A typical layout is:

```text
src/
  theatrics/
    main.py
    gui_app.py
    workers/
    fcsfit/
    frap/
docs/
pyproject.toml
.readthedocs.yaml
```

---

## Development notes

theatRICS uses:
- **Tkinter** for the GUI
- **Matplotlib** for embedded plotting
- **multiprocessing** for long-running tasks
- worker queues for progress reporting and cancellation

This keeps computational workflows separated from the GUI while still allowing interactive progress monitoring.

---

## Troubleshooting

## GUI does not start
Check:
- Tkinter is installed
- the correct Python environment is active
- all required packages are installed

## CZI workflows fail
Make sure:
- `pylibCZIrw` is installed and importable
- the CZI file contains valid metadata

## FCS batch mode finds no files
Check the file pattern, for example:

```text
*_xy_intensity_trace_correlation.csv
```

## FRAP fails because of missing ROIs
The FRAP workflow requires circular ROI annotations in the CZI metadata.

## Batch processing feels slow or unresponsive
Large batches can reduce GUI responsiveness if figures are redrawn too often. A common strategy is to update progress continuously and update the full display only for the latest or final file.

---

## Contributing

Contributions, bug reports, and suggestions are welcome.

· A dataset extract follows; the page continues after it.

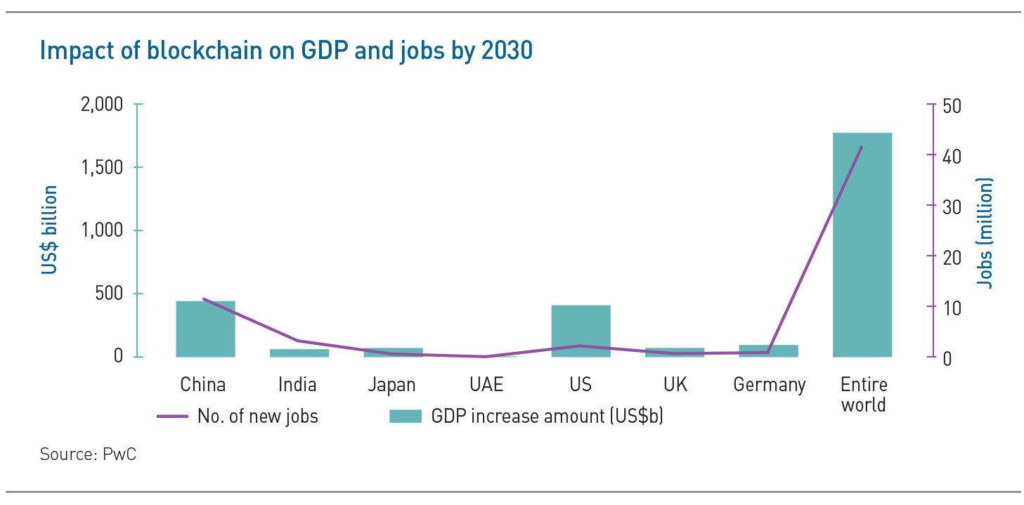 Indeed, PwC expects blockchain to lift China's GDP by $440 billion as of 2030, creating 11.4 million jobs. This compares to a $407 billion increase in GDP and 2.2 million additional jobs in the US over the same period. Financial services-focused plays illustrating this momentum include US and China-based blockchain security company Certik, which has received $61 million in funding in the past two months.

When reporting issues, please include:
- operating system
- Python version
- theatRICS version
- traceback or error message
- a description of the input file type
- whether the issue occurs in single-file or batch mode


---

## Author

**Yusuf Qutbuddin**

---

## Contributors

The majority of the code and functionality is developed by Yusuf Qutbuddin (yusufqq@biochem.mpg.de) and the code and the method is inspired and follows similar algorithms as the [PAM](https://gitlab.com/PAM-PIE/PAM.git) software. Some functionalities have been derived from an earlier script by Jan-Hagen Krohn and the FRAP analysis has been contributed by Marco Halbeisen. Perplexity.ai and ChatGPT 5.2 has been used for debugging, annotation and file parsing algorithms and for searching and implementing tkinter.


---

## License

See the `LICENSE` file in this repository.